Threat of Substitutes or Substitution against Procter & Gamble (Weak Force)

Some products on the market can function as substitutes for Procter & Gamble products. The effects of substitution on companies and the industry environment are considered in this element of Porter’s Five Forces Analysis. The following external factors are responsible for the weak intensity of the threat of substitutes against Procter & Gamble:

  • Low switching costs (strong force)
  • Low availability of substitutes (weak force)
  • Low variety of substitutes (weak force)

The intensity of the threat of substitution against Procter & Gamble is strengthened through low switching costs. In the Five Forces analysis context, this external factor refers to the negative consequences of consumers’ movement away from P&G’s brands to other companies’ brands. However, the low availability of substitutes weakens this threat. Moreover, the low variety of substitutes further reduces their impact on Procter & Gamble. For example, homemade personal care items are typically available in only one or a few variants. The combination of these external factors imposes a weak force on Procter & Gamble and the industry environment. Thus, this element of the Five Forces analysis indicates that the threat of substitution is a minor concern in the consumer goods business. The other forces have a more significant impact on Procter & Gamble.

Threat of New Entrants or New Entry against Procter & Gamble (Moderate Force)

Procter & Gamble’s performance is partially based on the presence or absence of new firms or new entrants in the consumer goods market. This element of Porter’s Five Forces Analysis evaluates how new entry influences firms and the industry environment. Procter & Gamble’s strategies must consider these external factors that lead to the moderate intensity of the threat of new entrants:

  • Low switching costs (strong force)
  • Moderate capital costs (moderate force)
  • Moderate economies of scale (moderate force)

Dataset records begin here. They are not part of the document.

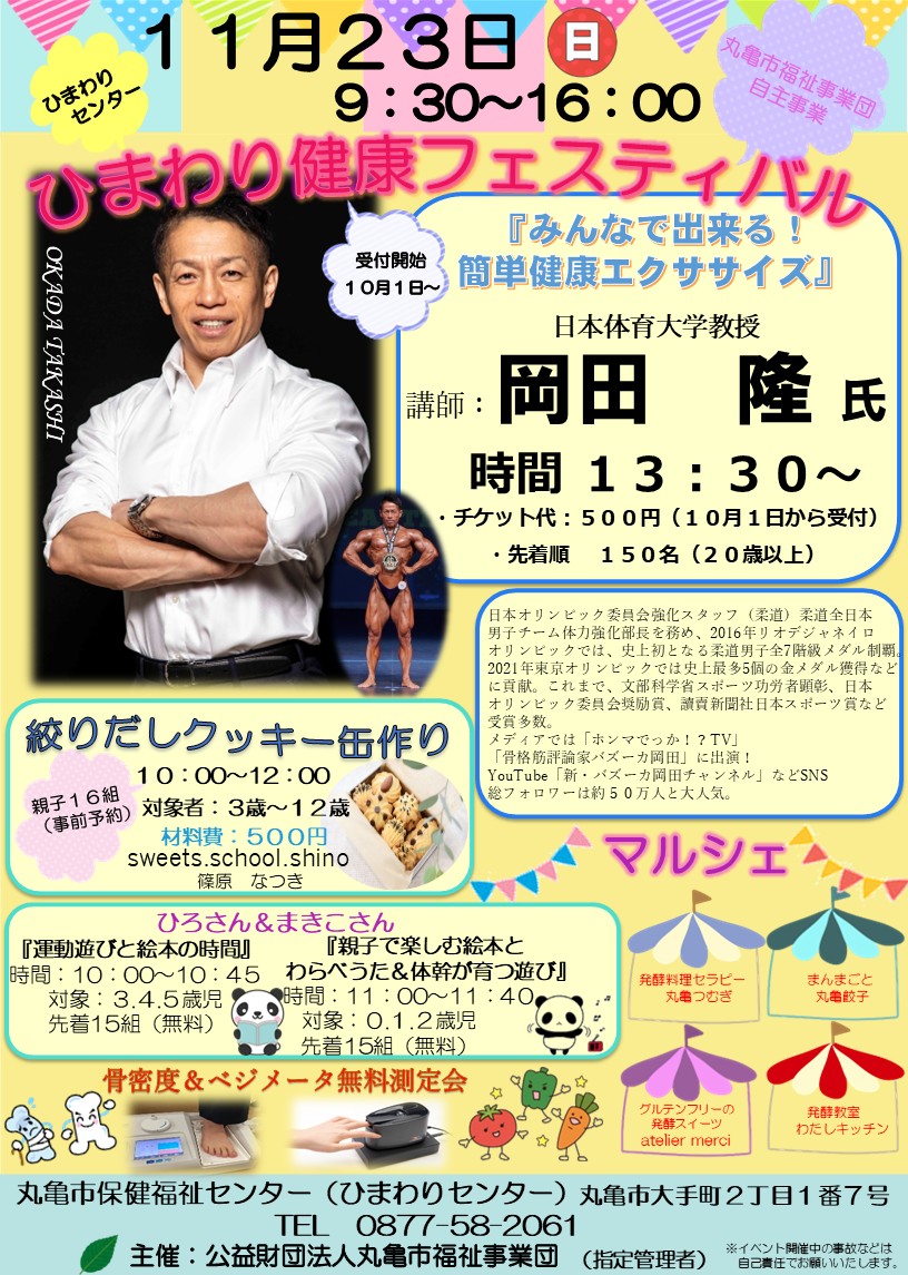 11/23(日)、ひまわりセンターで健康フェスティバルが開催されます。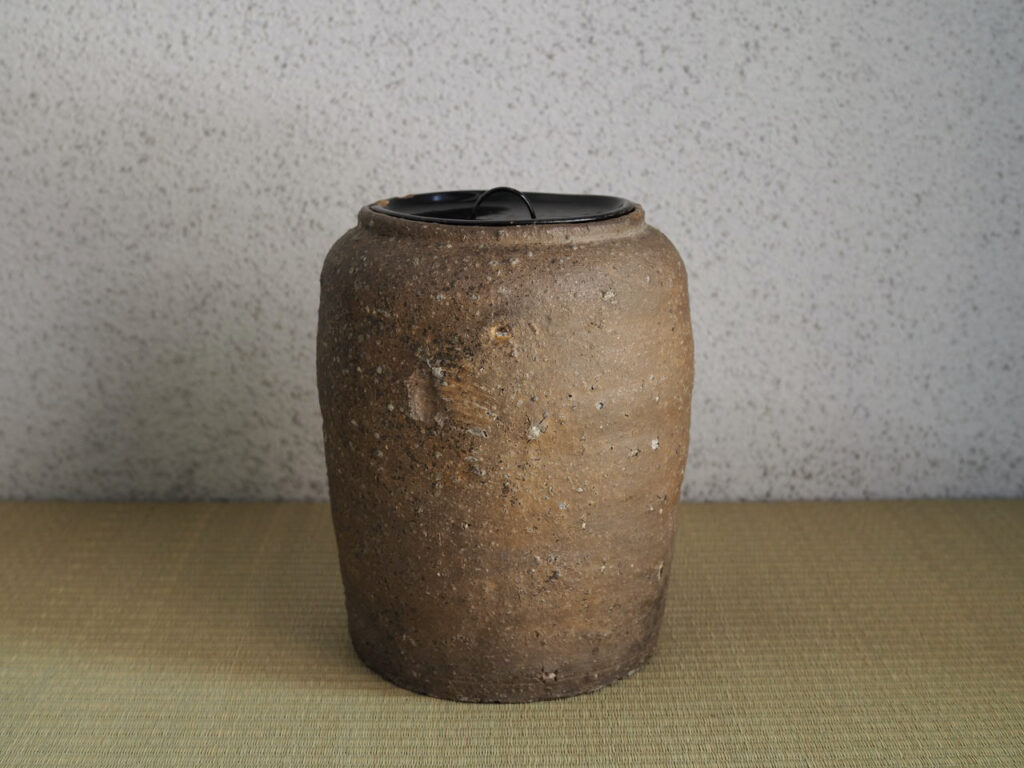 利休信楽と呼ばれる時代の細身の水指で、肩付きの珍しい口造りが印象的です。主張の少ない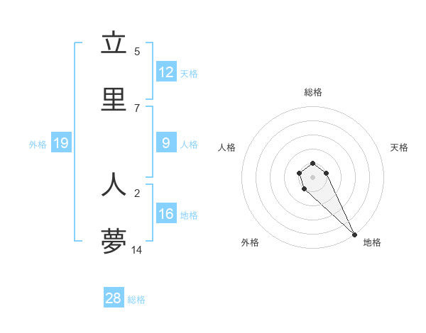 立里 人夢さんの地格は16画の5点!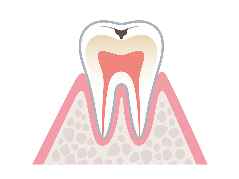 むし歯が進行し、エナメル質が溶け始めると、歯の表面に小さな穴が開きます。この段階では、むし歯を除去し、適切な詰め物で修復する必要があります。症例によっては、詰め物を行わず、定期的な観察を行うこともありますが、基本的には早期の処置が推奨されます。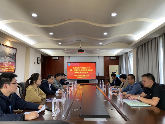 为认真贯彻落实国家关于安全生产重要指示精神,按照自治区卫健委办公室《2023年度全区安全生产和消防安全工作检查方案》工作安排,10月10日,广西科技大学第一附属医院副院长闭雄杰一行4人,到广西壮族自治区南溪山医院开展安全生产和消防安全检查工作。南溪山医院副院长胡长付、医院办公室主任何娟娟、质量管理办公室主任兼投诉管理科科长汤楠、总务科科长张洁、保卫科科长罗宁飞、医务部副主任何黎等相关科室负责人陪同检查。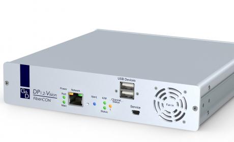 The Guntermann & Drunck DP1.2-Vision-Fiber-AR: DisplayPort (up to 4K @ 60Hz resolution) KVM extender kit with USB, PS/2 Audio & Serial support up to 400 meters over Multi-Mode Fiber cable, up to 5,000 or 10,000 meters over Single Mode Fiber cable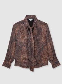 Top: Naomi Crocodile-Print Tie-Neck Blouse by Reiss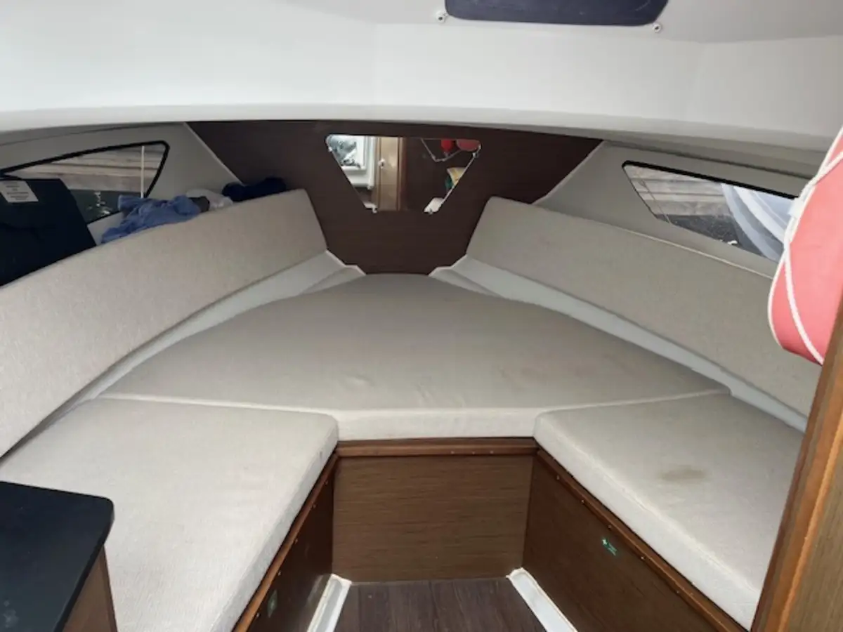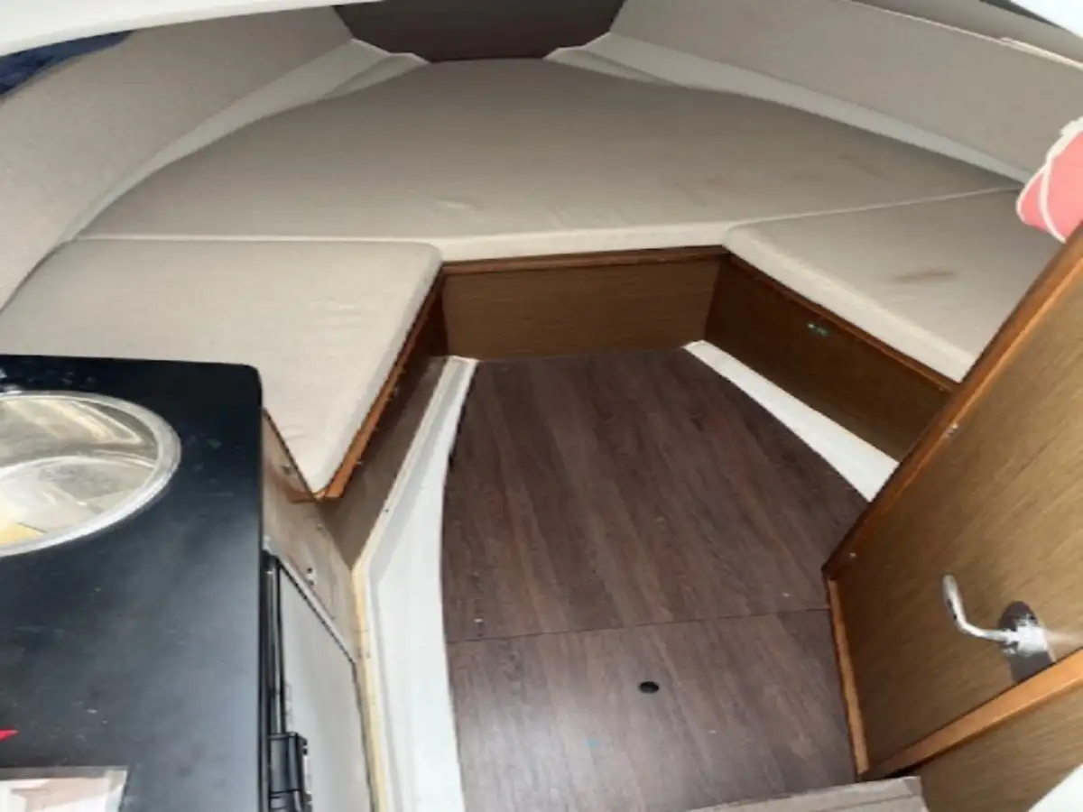 L'intérieur est lumineux et comprend un salon transformable en couchage, un aménagement sur mesure pour la table de cabine, un réfrigérateur, un évier et un WC marin avec réservoir à eaux noires.

The Procter & Gamble Company’s consumers can easily move to competing brands, based on low switching costs. In this Five Forces analysis, such an external factor enables new entrants to exert a strong-intensity force against the company. However, the moderate capital costs limit this threat against Procter & Gamble. New firms find it difficult to directly compete, considering the company’s organizational size and capitalization. Also, the moderate economies of scale limit the effects of new entry on Procter & Gamble. For example, typical new entrants cannot easily match P&G’s strengths linked to its global scale of operations. Based on this element of the Five Forces analysis of Procter & Gamble, new entry is a considerable strategic issue in the consumer goods industry environment.